We generalize the last theorem below.

Theorem (Conservation of Angular Momentum). If $X$ is a trajectory of the discrete model with central force, the angular momentum, $$H_{n+1}=X_n\times X_{n+1}',$$ is constant. Conversely, if the angular momentum remains constant along each trajectory of a discrete model of order two, the model's force is a central force.
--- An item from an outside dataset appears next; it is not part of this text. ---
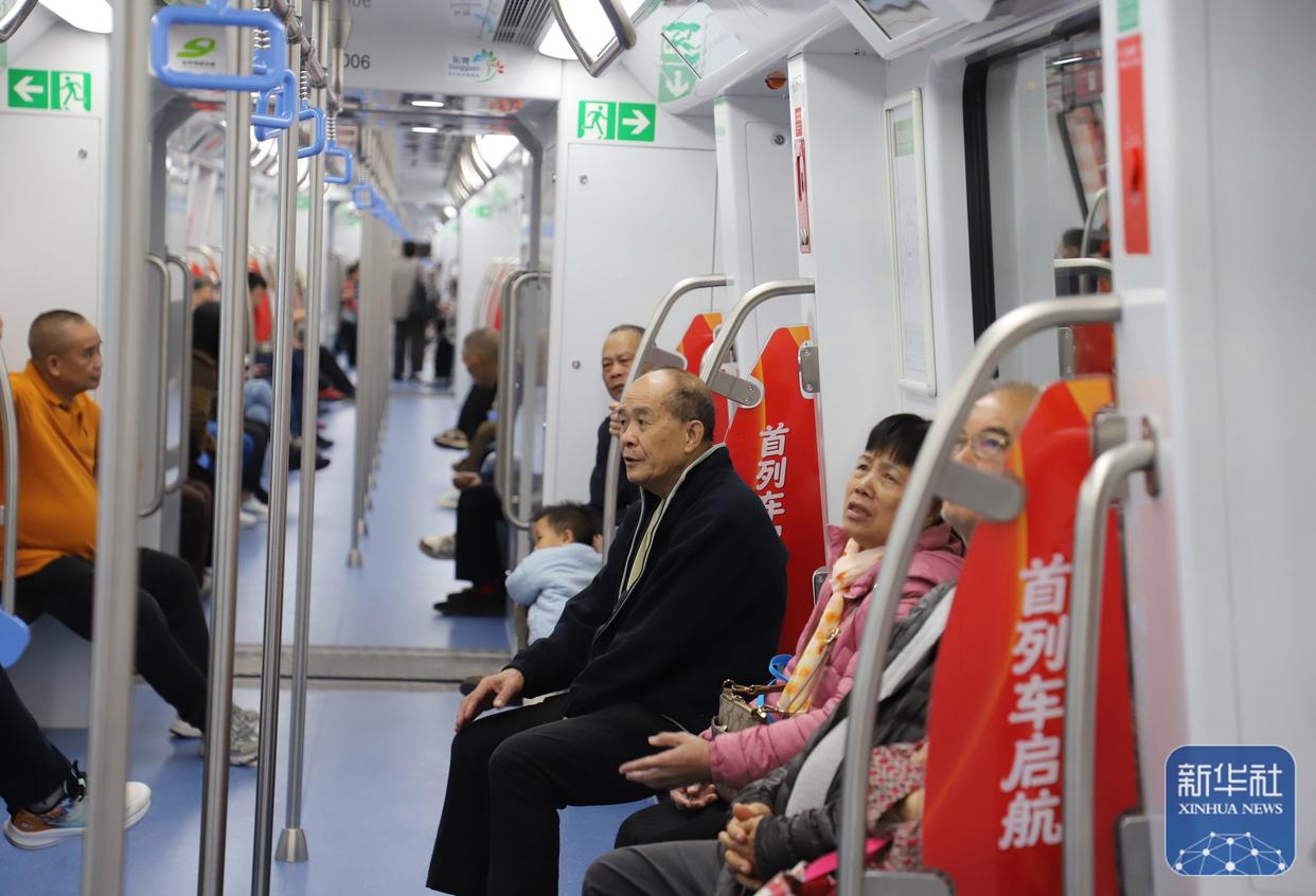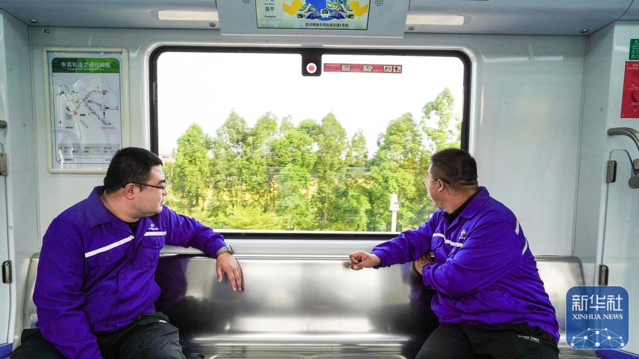 11月28日,中铁十四局建设者乘坐东莞轨道交通1号线。新华社发(张芳 摄)

Proof. The proof follows the last one. For the model: $$X_{n+1}' '=f(X_n),$$ where $f$ is some function, we have $$X_n=X_{n-1}+ X_{n}'\Delta t $$ and $$X_{n+1}'=X_n'+X_n' ' \Delta t=X_n'+f(X_n)\Delta t.$$ We substitute the first into the following: $$\begin{array}{ll} H_{n}&=X_{n-1}\times X_{n}' \\ &=(X_n-X_n'\Delta t)\times X_{n}' \\ &=X_n\times X_{n}'-X_n'\Delta t\times X_{n}' \\ &=X_n\times X_{n}'. \end{array}$$ We substitute the second into the following: $$\begin{array}{ll} H_{n+1}&=X_n\times X_{n+1}' \\ &=X_n\times (X_n'+f(X_n)\Delta t) \\ &=X_n\times X_n'+X_n\times f(X_n)\Delta t . \end{array}$$ Therefore, $$H_{n+1}=H_n\ \Longleftrightarrow\ X_n\times f(X_n) =0\ \Longleftrightarrow\ X_n\ ||\ f(X_n).$$ $\blacksquare$